(DATASET ENTRIES Opens)

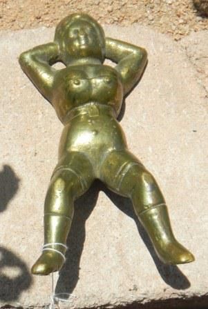 Brass Naughty Lady Boot Jack. Measuring approximately 10 x 4 x 2 inches. Weighs four pounds. Condition Good. Circa 1900. Shipping 15.00. Condition good Lady has wear on nose from use.
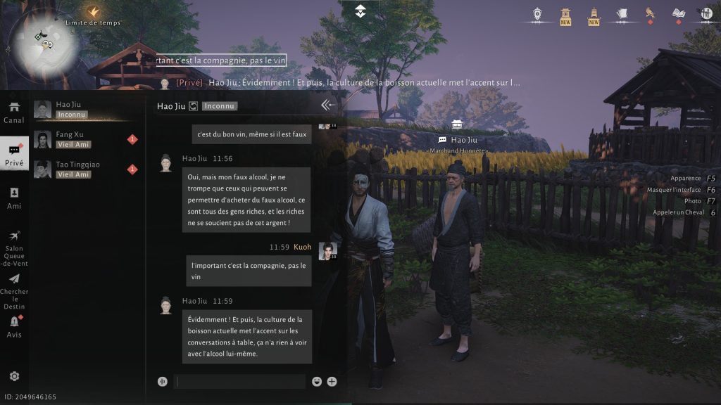 Il arrive également que certains PNJ deviennent agressifs en plein dialogue. Si cela se produit, revenir à l’écran de connexion permet de rétablir la situation sans pénalité. Enfin, même si Hao Jiu semble satisfait, le dialogue ne se termine pas toujours automatiquement. Pensez à relire l’indice affiché dans l’interface, qui précise la condition de victoire attendue, et orientez vos réponses pour y correspondre.
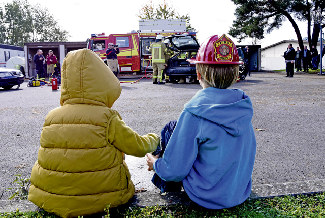 Children watch an extraction demonstration during an 86th Civil Engineer Squadron Fire Prevention Week open house at Ramstein Air Base, Germany, Oct. 22, 2022. The open house was one of many events during the week, which included a parade and visits to RAB schools. (U.S. Air Force photo by Jennifer Green-Lanchoney)
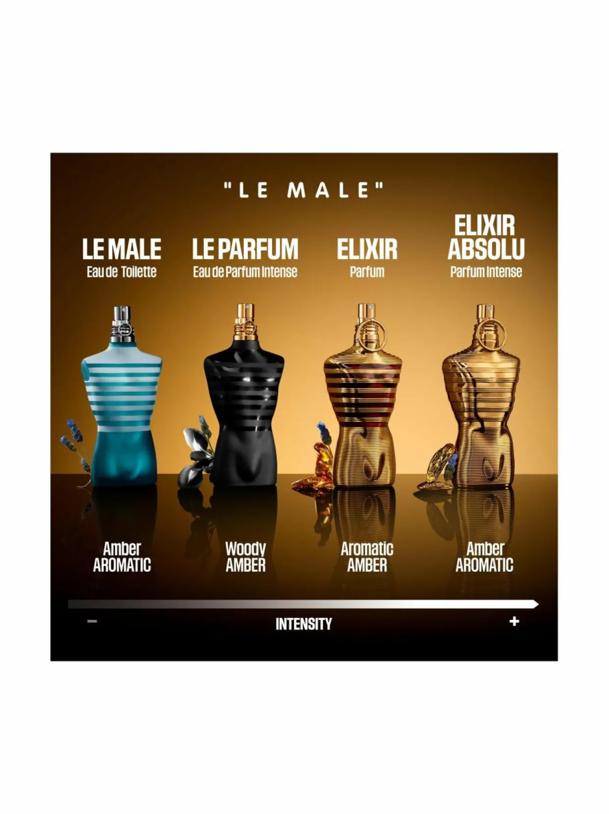 Sukella kultaisen kuumiin aaltoihin Jean Paul Gaultier Le Male Elixir Absolu Eau de Parfum -tuoksun kanssa. Tämä kuumaakin kuumempi seilori kunnioittaa ikonista Le Male Eau de Toilette -tuoksua ulkomuodollaan ja on intensiivisempi verisio jo klassikoksi muodostuneesta Le Male Elixir Eau de Parfum -tuoksusta. Tuoksunuotteina on luumua, laventelia sekä tonkapapua. Tuoksun intensiivisyys addiktoi eikä jätä ketään kylmäksi.
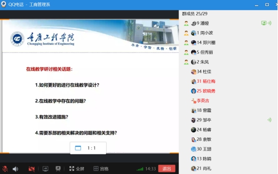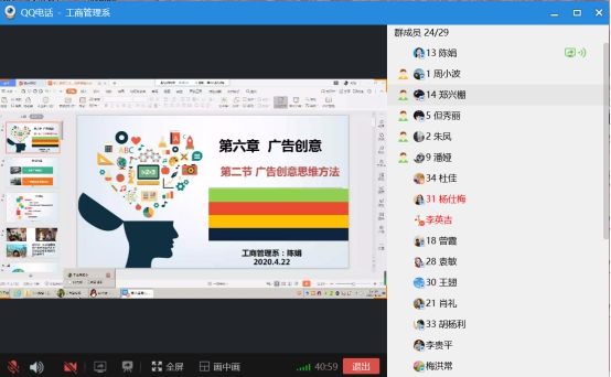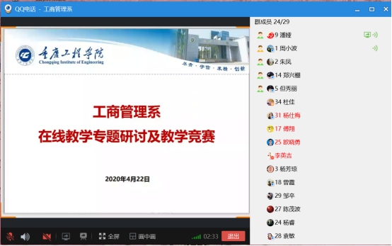 为进一步有效推进在线教学工作,保障在线教学与课堂教学实质有效,不断提高教学质量,4月22日下午,工商管理系通过QQ视频会议召开了在线教学专题研讨会。管理学院梅洪常院长全程参会并作指导性讲话,会议由潘娅老师主持,工商管理系全体教师参加。
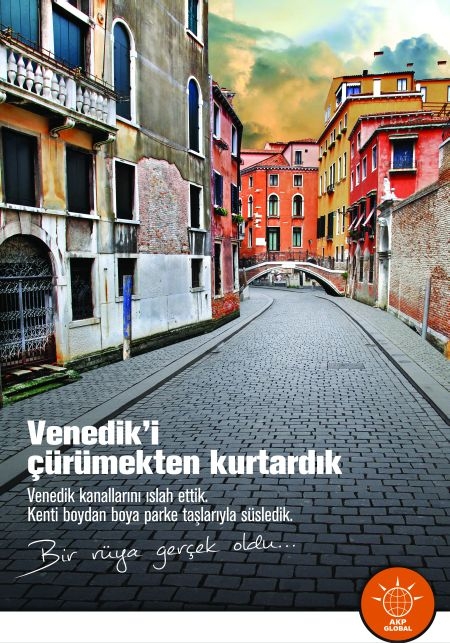 R: Evet, temel mantık, sembollerin bozulması. AKP’nin bu politikaları şehirlerin ruhunu zedeliyor, fiziksel görünümlerini bozuyor. Kentsel dönüşüm mevzularında, soylulaştırma projelerinde halk yok, sermaye var, inşaat sektörü var. Dünyada hangi sembolleri bozabiliriz, diyoruz. Venedik’i ne yaparsak bozabiliriz, diyoruz örneğin. Bu benzerlikleri kurarak ilerliyoruz.
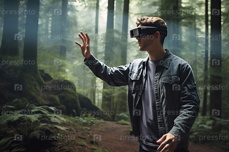 Изображение, которое передает концепцию дополненной реальности (AR), в которой молодой человек носит очки VR и взаимодействует с виртуальными элементами в лесу, иллюстрируя интеграцию цифровых перекрытий в реальные сценарии

(DATASET ENTRIES Closes)

THE TASK.
Leave out the pictures and copy exactly the lines from the one with "Il arrive également" through the last line of the records above.

EXPECTED ANSWER.
 Il arrive également que certains PNJ deviennent agressifs en plein dialogue. Si cela se produit, revenir à l’écran de connexion permet de rétablir la situation sans pénalité. Enfin, même si Hao Jiu semble satisfait, le dialogue ne se termine pas toujours automatiquement. Pensez à relire l’indice affiché dans l’interface, qui précise la condition de victoire attendue, et orientez vos réponses pour y correspondre.
 Children watch an extraction demonstration during an 86th Civil Engineer Squadron Fire Prevention Week open house at Ramstein Air Base, Germany, Oct. 22, 2022. The open house was one of many events during the week, which included a parade and visits to RAB schools. (U.S. Air Force photo by Jennifer Green-Lanchoney)
 Sukella kultaisen kuumiin aaltoihin Jean Paul Gaultier Le Male Elixir Absolu Eau de Parfum -tuoksun kanssa. Tämä kuumaakin kuumempi seilori kunnioittaa ikonista Le Male Eau de Toilette -tuoksua ulkomuodollaan ja on intensiivisempi verisio jo klassikoksi muodostuneesta Le Male Elixir Eau de Parfum -tuoksusta. Tuoksunuotteina on luumua, laventelia sekä tonkapapua. Tuoksun intensiivisyys addiktoi eikä jätä ketään kylmäksi.
 为进一步有效推进在线教学工作,保障在线教学与课堂教学实质有效,不断提高教学质量,4月22日下午,工商管理系通过QQ视频会议召开了在线教学专题研讨会。管理学院梅洪常院长全程参会并作指导性讲话,会议由潘娅老师主持,工商管理系全体教师参加。
 R: Evet, temel mantık, sembollerin bozulması. AKP’nin bu politikaları şehirlerin ruhunu zedeliyor, fiziksel görünümlerini bozuyor. Kentsel dönüşüm mevzularında, soylulaştırma projelerinde halk yok, sermaye var, inşaat sektörü var. Dünyada hangi sembolleri bozabiliriz, diyoruz. Venedik’i ne yaparsak bozabiliriz, diyoruz örneğin. Bu benzerlikleri kurarak ilerliyoruz.
 Изображение, которое передает концепцию дополненной реальности (AR), в которой молодой человек носит очки VR и взаимодействует с виртуальными элементами в лесу, иллюстрируя интеграцию цифровых перекрытий в реальные сценарии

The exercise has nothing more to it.